What to do if you don’t need three children at 60

When children appear in the family, the usual way of life of parents changes once and for all. As the focus of life shifts, the father and mother think first of all not about themselves, but about their offspring. I guess. live - that's okay. But is it always worth sacrificing yourself? Today we invite you to discuss this topic. And its vivid illustration will serve as our new story.



At the age of 60, my husband and I realized that our children absolutely do not need them. All three got what they wanted from us and just left their father and mother. My son doesn't always pick up the phone when I call. Do we not even have a glass of water in our old age?

I got married when I was 20. Sergey was a classmate of mine and had been following me for a long time. I went to the same university to be there. A year after the painting (for a magnificent wedding, of course, we did not have money), I got pregnant and gave birth to a girl. My husband had to drop out of school and I took academic leave.



Times were tough: Sergey was missing day and night on all sorts of part-time jobs, and I was learning to be a mother. At the same time, she tried to keep up with the university program in order to graduate and get an education. After 2 years, I became pregnant again. Then I switched to a distance, and my husband began to work even more.

Of course, our parents helped us. It was more emotional support than material support. And we never asked them for anything; our porridge is ours. Despite all the difficulties, we managed to cope with the upbringing of two children: the elder Tamara and the younger Sasha.

When my daughter went to school, I finally got a job. Things were slowly going uphill: my husband had a stable job with a good salary for a long time, we were able to equip our housing. After a year of quiet life, I stunned Sergei with the news that we are expecting our third child.

After the birth, I went home with the baby again. My husband started working on a new project and did everything for our well-being. To be honest, I don’t know how we managed, but gradually we came back to stability. When our last baby Anyuta went to first grade, I finally exhaled.



But our adventures did not end there. Tamara had just entered university and reported that her boyfriend had proposed to her. We didn’t stop her because we went through it ourselves. It took a lot of money to arrange a young wedding, and then to solve the problem with the apartment.

When our son grew up, he wanted his own nest. Everything in our family is done fairly. Therefore, my husband and I climbed into another long, but provided Sasha with housing. He quickly got on his feet and got a good position in a prestigious company.

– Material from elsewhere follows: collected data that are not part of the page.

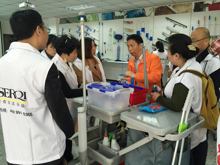 產(chǎn)品經(jīng)理周建國先生展示中央清洗噴灑平拖清潔系統(tǒng)簡易操作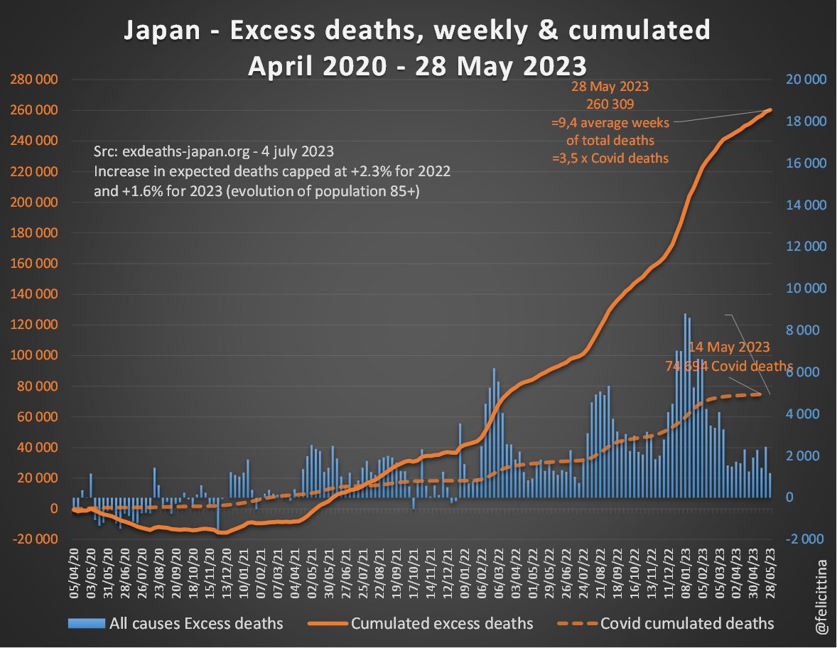 Tout semble donc indiquer que les chiffres auraient été manipulés pour transformer une surmortalité persistante en sous-mortalité. Et cela ne semble pas un cas isolé, car on trouve de la même façon un bond de +6,8% des décès attendus pour le #Japon. #McKinsey à la manoeuvre ?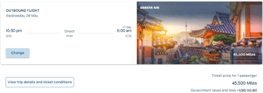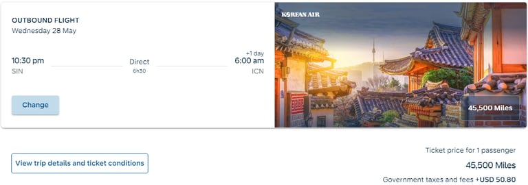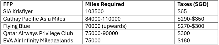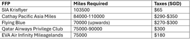 Take Seoul for example, Flying Blue will only charge you 45500 miles and approximately 65SGD in taxes and surcharges for a business class seat on Korean Air.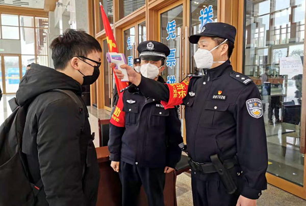 湖南懷化鐵路公安處民警為旅客測量體溫(公安部鐵路公安局供圖)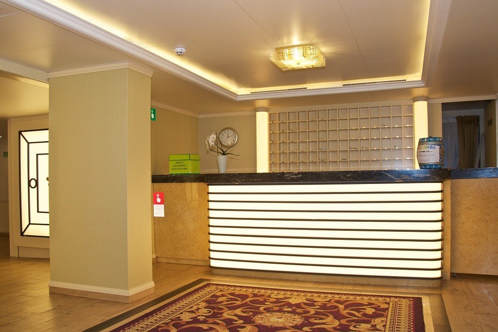 Во всех каютах: кондиционер, холодильник, телевизор, сейф, внутренний телефон, фен, стеклянные стаканы, щетка для одежды, тапочки, бутилированная вода с ежедневным пополнением, гигиенический набор.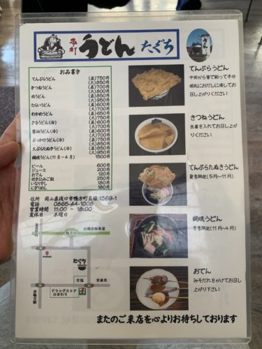 さて、昨日ご紹介した岡山の天神そばの後に所用をすませてどうしようかな~と思っていると、せっかく岡山にきたし時間があるのでもう一件立ち寄ってみようということで知人にお勧めしてもらっていたこちらのお店に伺いました。お店の名前は手打ちうどんたぐちさんです。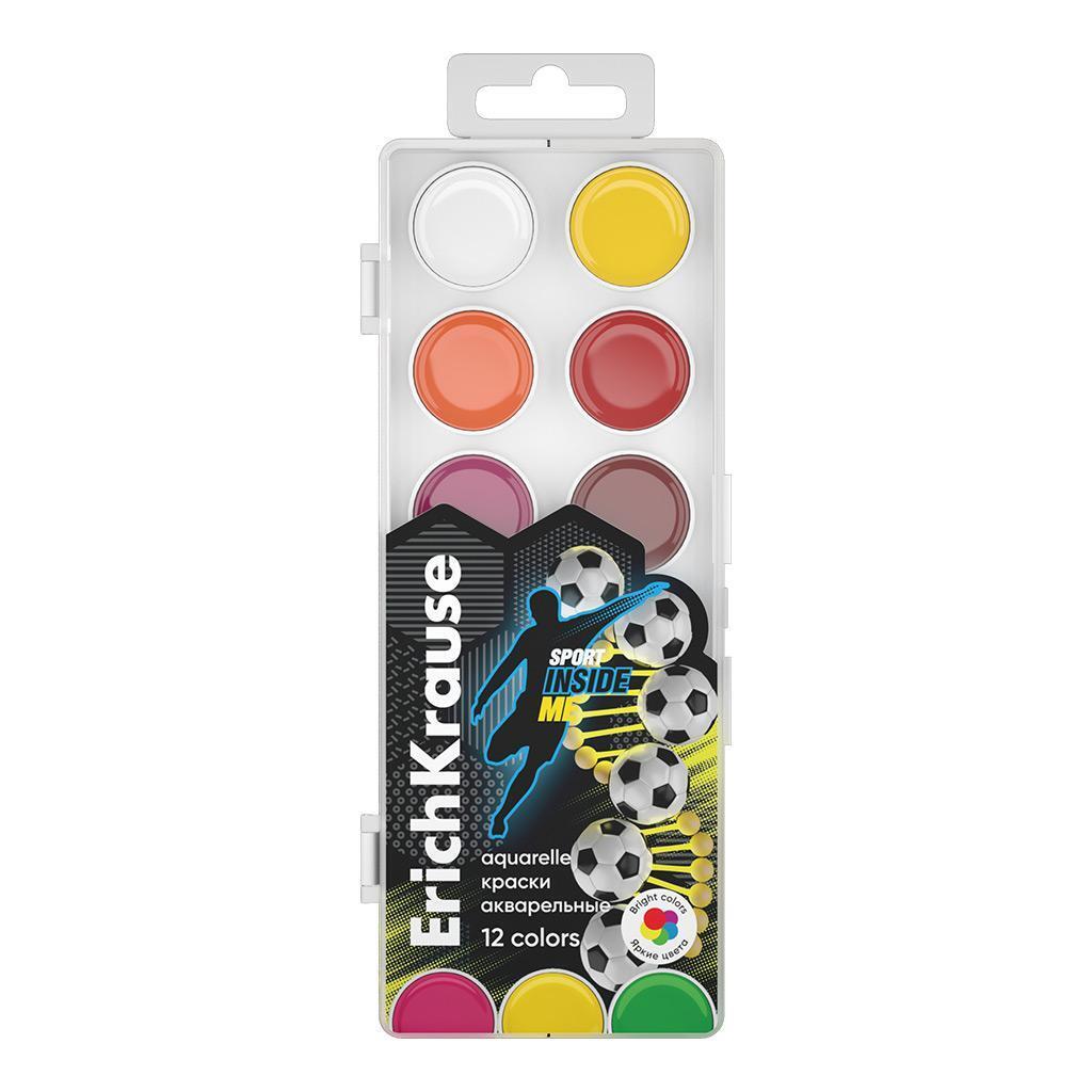 Акварельные краски ErichKrause «Sport DNA», 12 цветов, яркие оттенки, прозрачная палитра с крышкой

When I grew up, she didn’t ask for an apartment. But in the 11th grade, the daughter began to actively talk about her dreams of studying abroad. Oh, how difficult that time was for us. We were able to send Anya to Poland and were left at home all alone.

Tamara was bubbling with the desired family life. She rarely came to us, although she lived in the same city with us. The son managed to sell the apartment and buy a better house, but already in the capital. He moved and came to his home even less often than his older sister. Anyutka after studying stayed abroad.



So it turns out that my husband and I raised three children, put them on their feet. And they don't care about us at all. I don’t ask for anything from them except a gentle word, at least sometimes. Why is this happening and how to deal with it? Just accept and live now not for the children, but for yourself.

Living for children, it is very important not to forget about yourself and your own happiness. Only happy parents can have happy children. It is difficult to say whether the heroes spoiled the story of their daughters and son.



But one thing is clear: their behavior. consequence of parenting and attitude. I hope they will be able to connect with the children. What do you think needs to be done for that? Boldly share your ideas in the comments!